*PROBLEM*
The entries below are to be repeated exactly, with the pictures left out.

[Dataset excerpts]
Segment Open

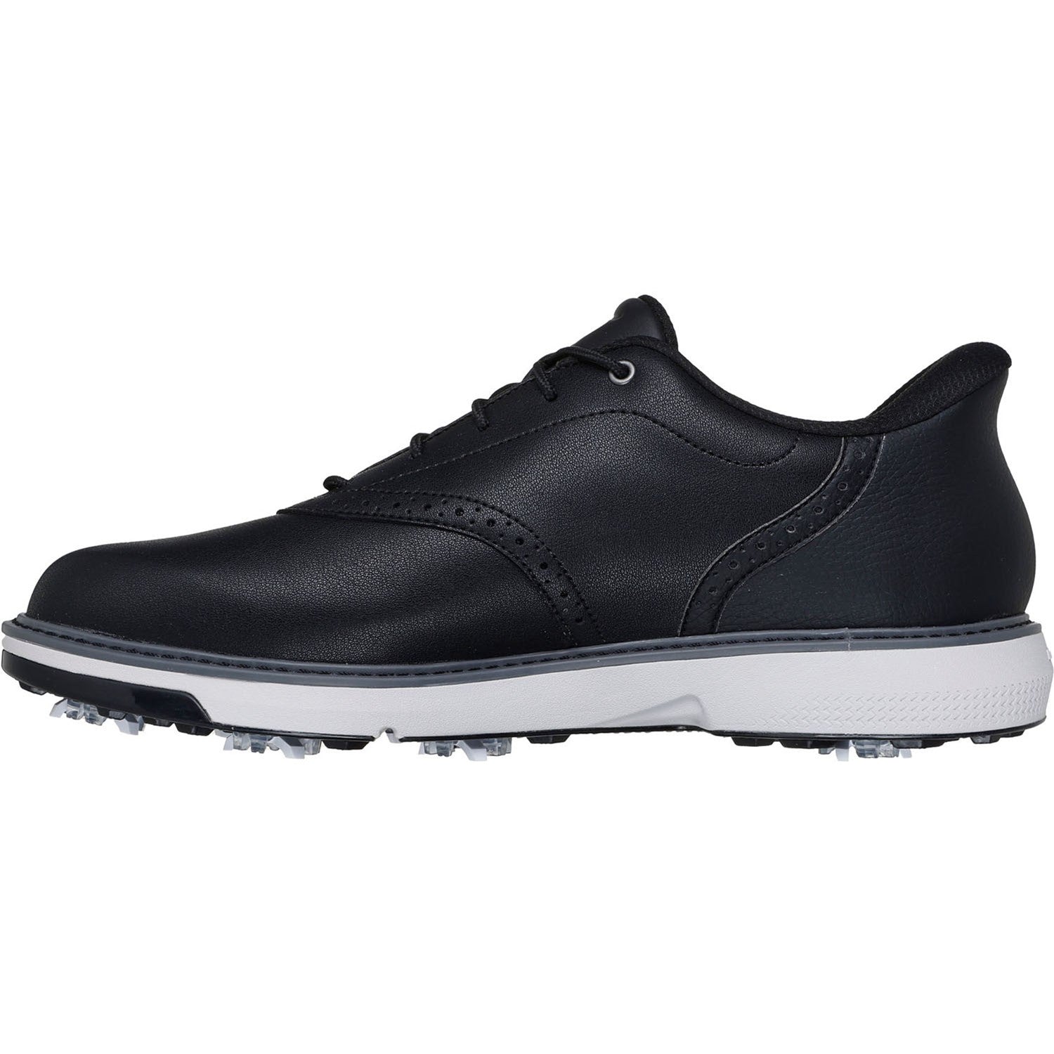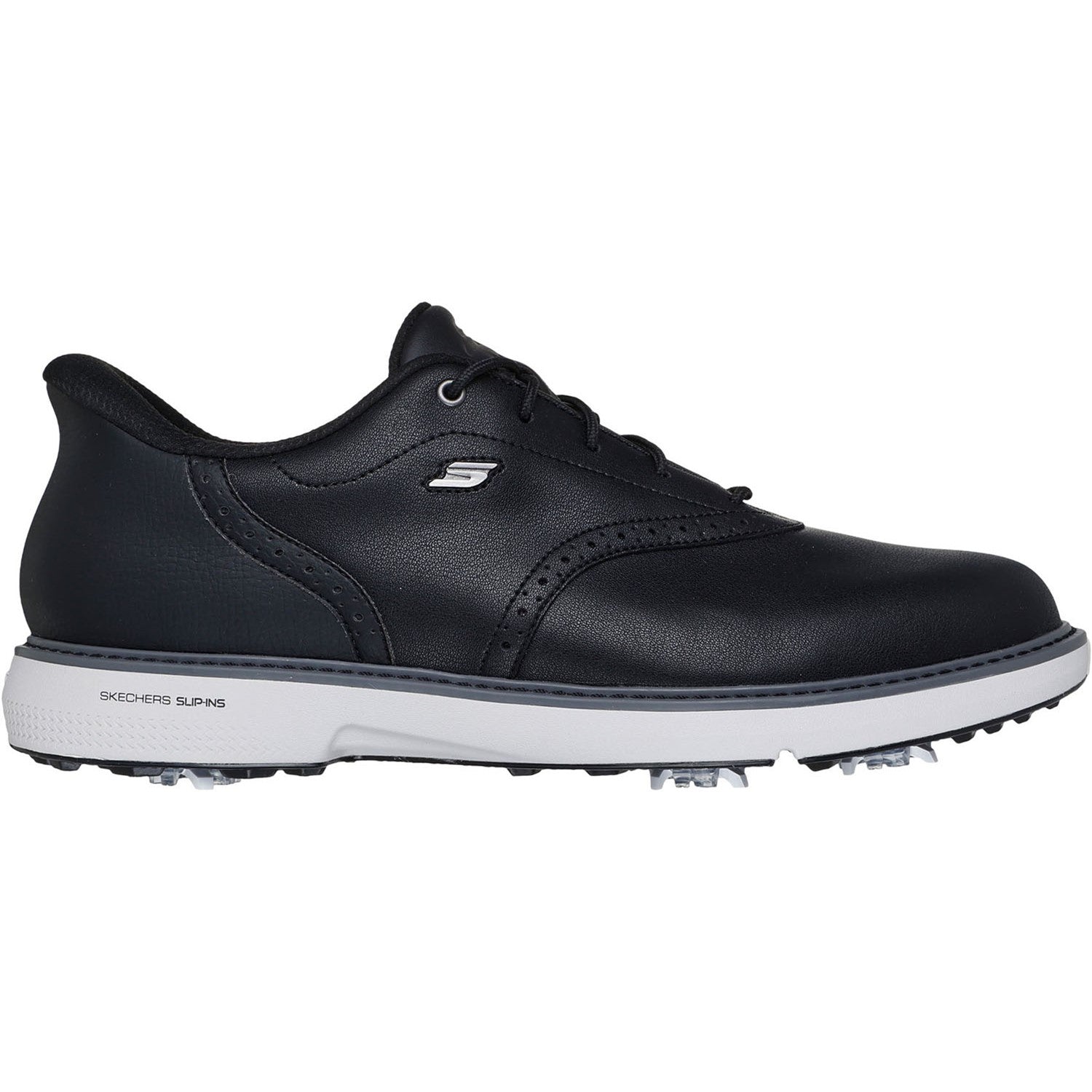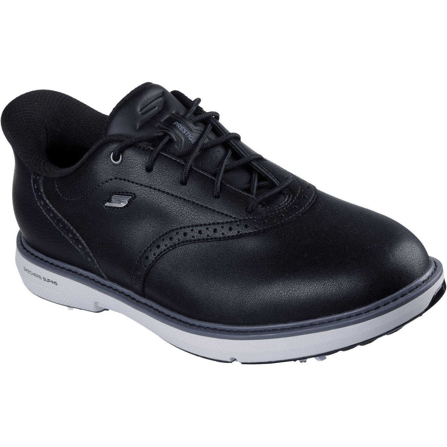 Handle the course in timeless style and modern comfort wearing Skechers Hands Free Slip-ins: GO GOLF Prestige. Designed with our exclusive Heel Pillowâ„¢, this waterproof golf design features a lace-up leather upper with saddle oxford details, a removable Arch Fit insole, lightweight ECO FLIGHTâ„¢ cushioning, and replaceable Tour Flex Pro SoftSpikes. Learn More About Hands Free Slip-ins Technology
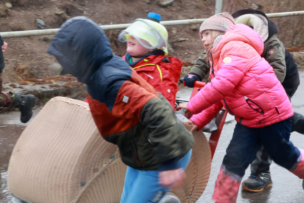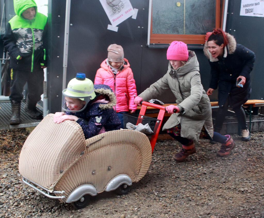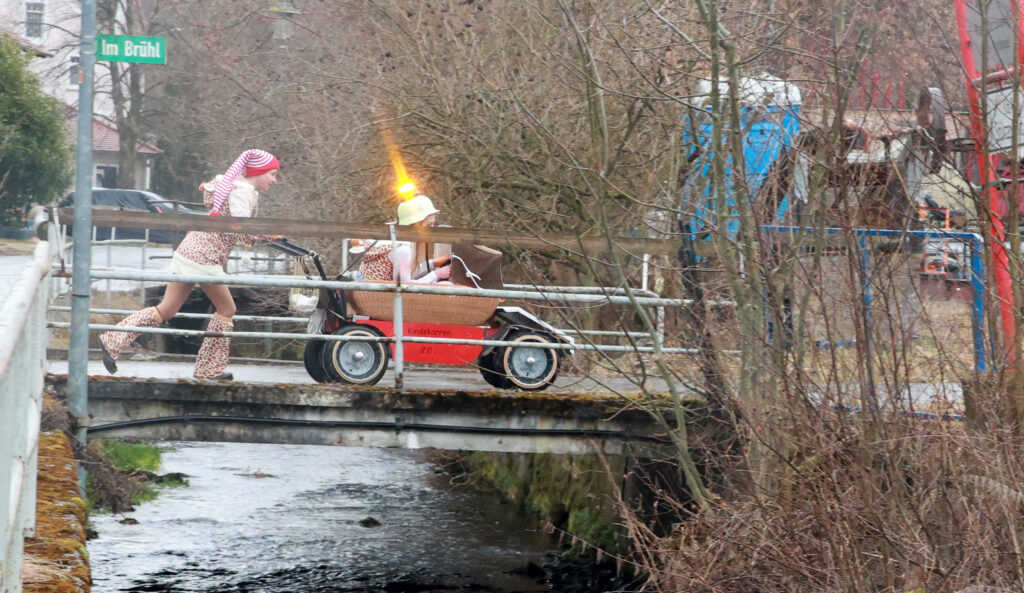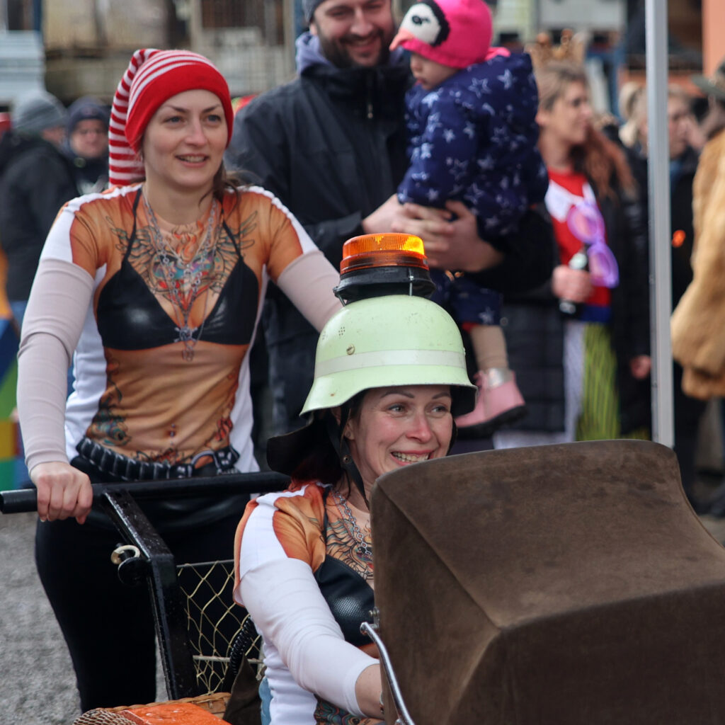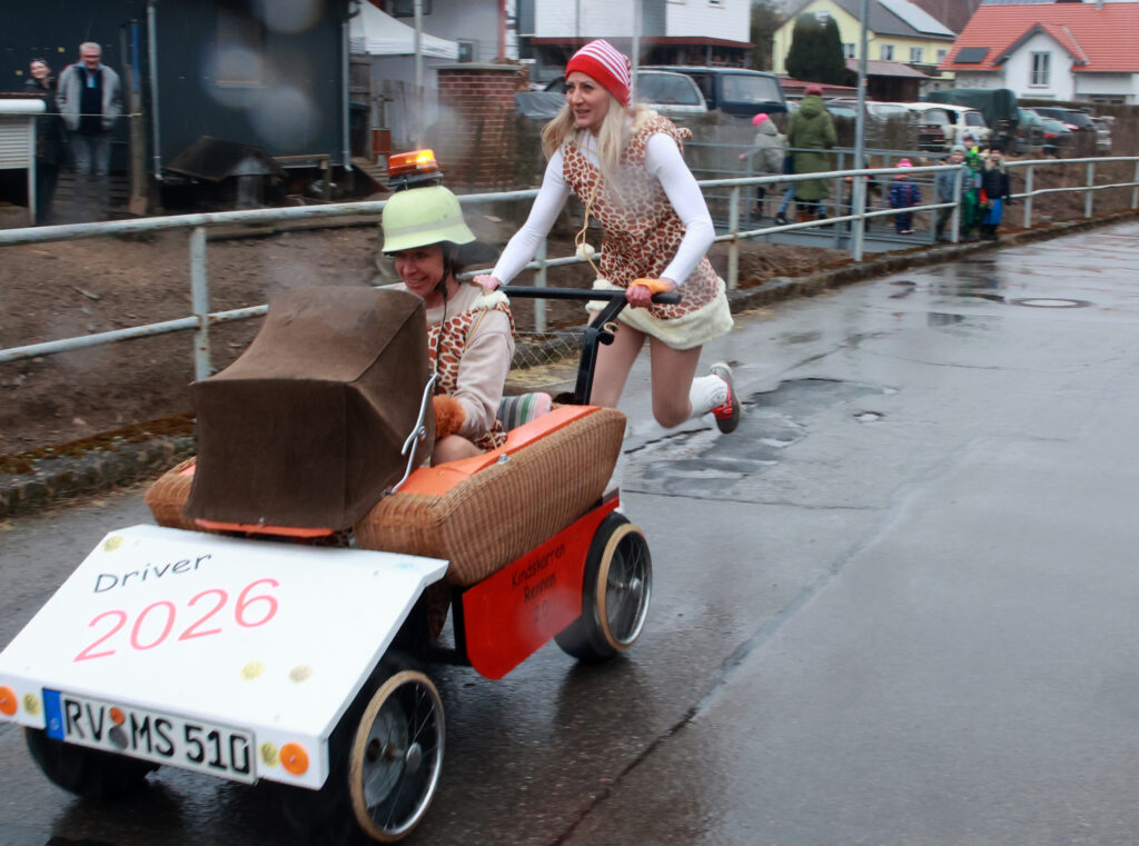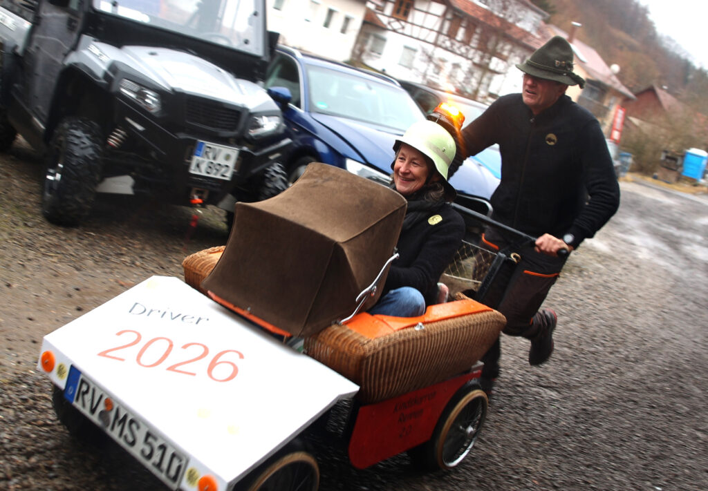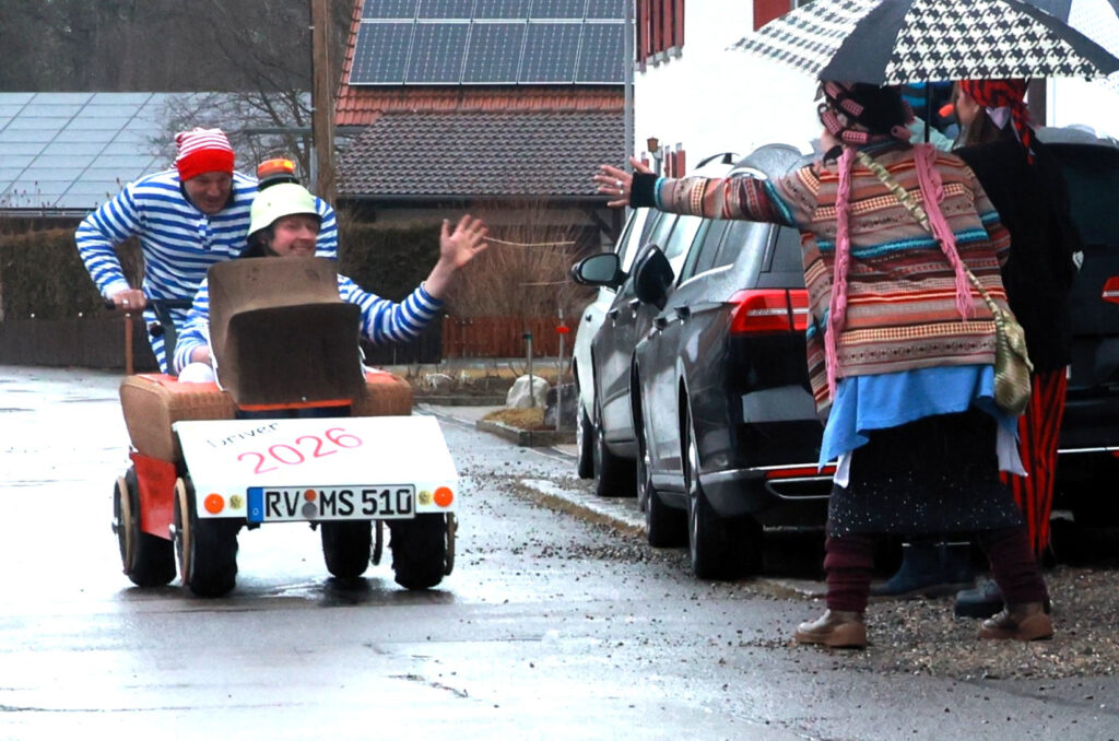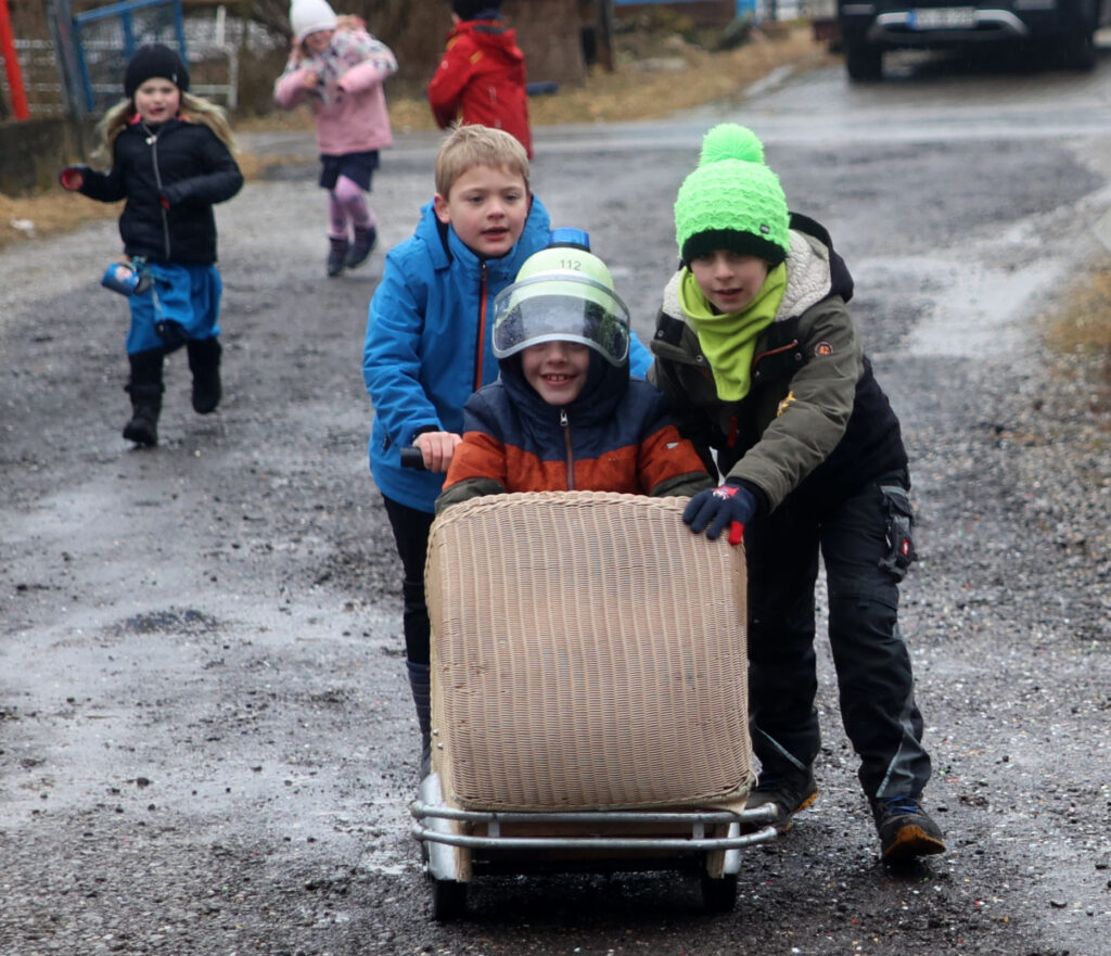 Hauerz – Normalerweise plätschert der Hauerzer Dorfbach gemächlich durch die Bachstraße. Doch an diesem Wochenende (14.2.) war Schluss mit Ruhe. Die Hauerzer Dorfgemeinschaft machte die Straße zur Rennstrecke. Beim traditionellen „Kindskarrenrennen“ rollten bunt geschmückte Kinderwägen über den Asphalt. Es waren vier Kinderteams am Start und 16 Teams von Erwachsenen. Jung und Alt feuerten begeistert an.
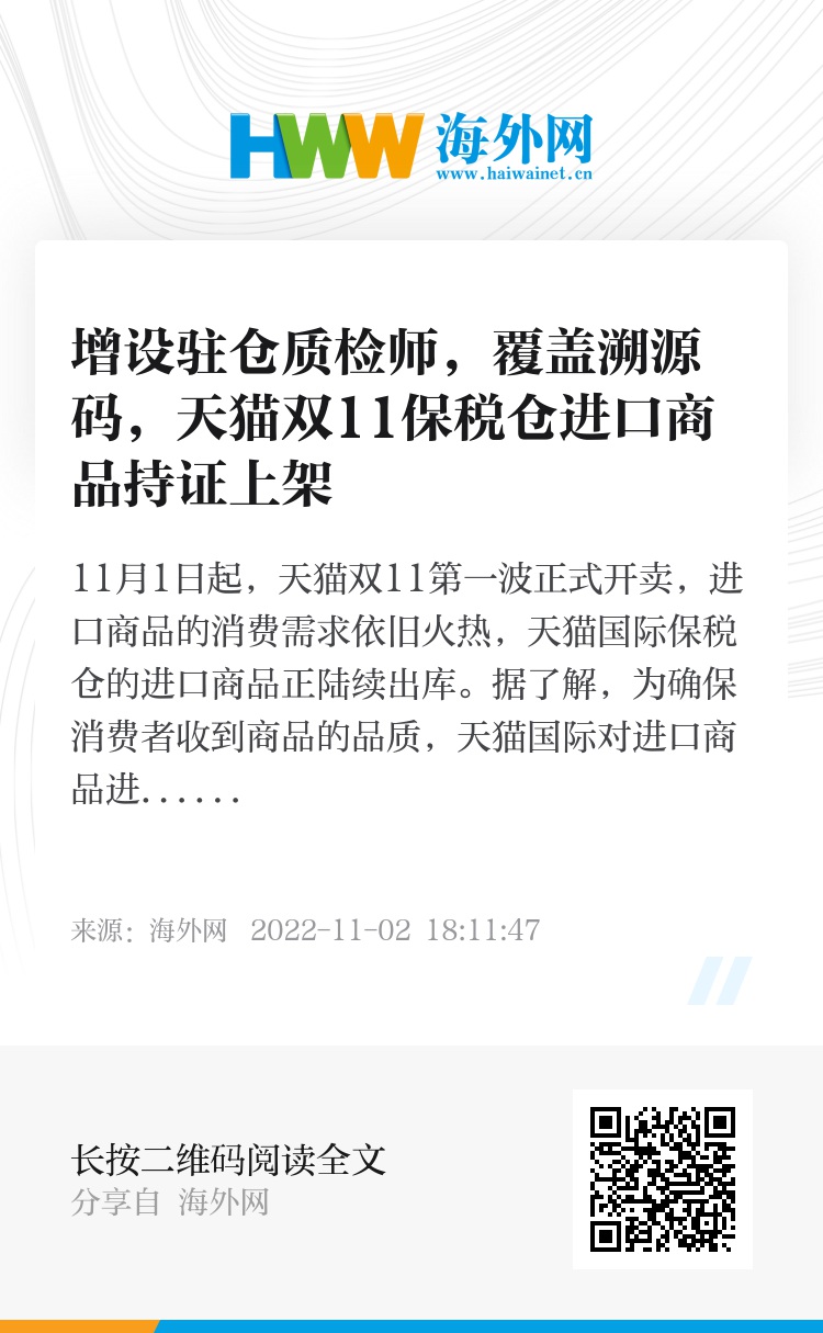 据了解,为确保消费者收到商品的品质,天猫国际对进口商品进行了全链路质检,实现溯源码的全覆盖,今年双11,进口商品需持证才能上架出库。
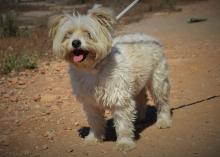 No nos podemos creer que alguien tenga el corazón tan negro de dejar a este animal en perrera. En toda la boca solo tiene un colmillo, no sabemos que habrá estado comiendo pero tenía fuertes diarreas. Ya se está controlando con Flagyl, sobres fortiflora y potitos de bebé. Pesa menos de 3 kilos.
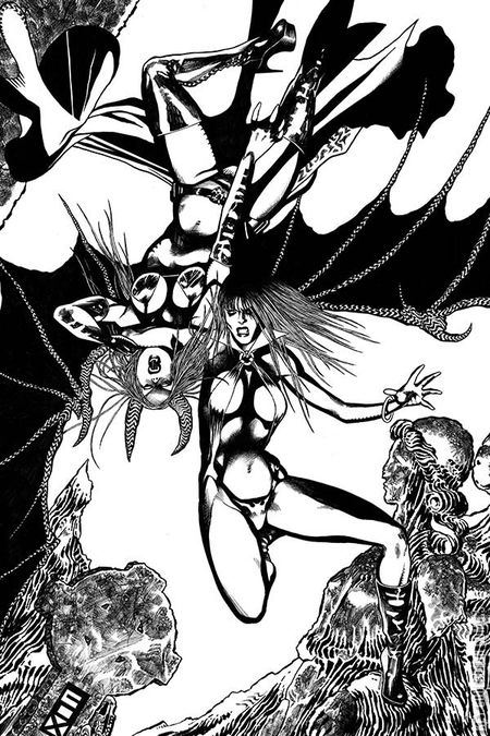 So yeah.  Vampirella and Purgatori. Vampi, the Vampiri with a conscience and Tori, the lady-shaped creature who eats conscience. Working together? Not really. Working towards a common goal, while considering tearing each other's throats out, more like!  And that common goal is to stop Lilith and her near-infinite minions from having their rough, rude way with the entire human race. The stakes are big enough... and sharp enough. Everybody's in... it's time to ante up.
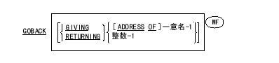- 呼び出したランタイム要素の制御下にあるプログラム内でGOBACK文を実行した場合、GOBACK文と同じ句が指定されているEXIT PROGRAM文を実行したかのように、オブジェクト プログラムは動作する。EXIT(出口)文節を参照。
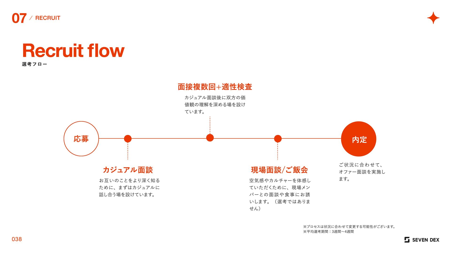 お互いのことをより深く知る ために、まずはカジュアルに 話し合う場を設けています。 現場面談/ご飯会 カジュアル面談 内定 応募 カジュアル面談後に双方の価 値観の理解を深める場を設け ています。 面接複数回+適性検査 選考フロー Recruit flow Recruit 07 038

Segment Closed

*SOLUTION TO THIS PROBLEM*
 Handle the course in timeless style and modern comfort wearing Skechers Hands Free Slip-ins: GO GOLF Prestige. Designed with our exclusive Heel Pillowâ„¢, this waterproof golf design features a lace-up leather upper with saddle oxford details, a removable Arch Fit insole, lightweight ECO FLIGHTâ„¢ cushioning, and replaceable Tour Flex Pro SoftSpikes. Learn More About Hands Free Slip-ins Technology
 Hauerz – Normalerweise plätschert der Hauerzer Dorfbach gemächlich durch die Bachstraße. Doch an diesem Wochenende (14.2.) war Schluss mit Ruhe. Die Hauerzer Dorfgemeinschaft machte die Straße zur Rennstrecke. Beim traditionellen „Kindskarrenrennen“ rollten bunt geschmückte Kinderwägen über den Asphalt. Es waren vier Kinderteams am Start und 16 Teams von Erwachsenen. Jung und Alt feuerten begeistert an.
 据了解,为确保消费者收到商品的品质,天猫国际对进口商品进行了全链路质检,实现溯源码的全覆盖,今年双11,进口商品需持证才能上架出库。
 No nos podemos creer que alguien tenga el corazón tan negro de dejar a este animal en perrera. En toda la boca solo tiene un colmillo, no sabemos que habrá estado comiendo pero tenía fuertes diarreas. Ya se está controlando con Flagyl, sobres fortiflora y potitos de bebé. Pesa menos de 3 kilos.
 So yeah.  Vampirella and Purgatori. Vampi, the Vampiri with a conscience and Tori, the lady-shaped creature who eats conscience. Working together? Not really. Working towards a common goal, while considering tearing each other's throats out, more like!  And that common goal is to stop Lilith and her near-infinite minions from having their rough, rude way with the entire human race. The stakes are big enough... and sharp enough. Everybody's in... it's time to ante up.
- 呼び出したランタイム要素の制御下にあるプログラム内でGOBACK文を実行した場合、GOBACK文と同じ句が指定されているEXIT PROGRAM文を実行したかのように、オブジェクト プログラムは動作する。EXIT(出口)文節を参照。
 お互いのことをより深く知る ために、まずはカジュアルに 話し合う場を設けています。 現場面談/ご飯会 カジュアル面談 内定 応募 カジュアル面談後に双方の価 値観の理解を深める場を設け ています。 面接複数回+適性検査 選考フロー Recruit flow Recruit 07 038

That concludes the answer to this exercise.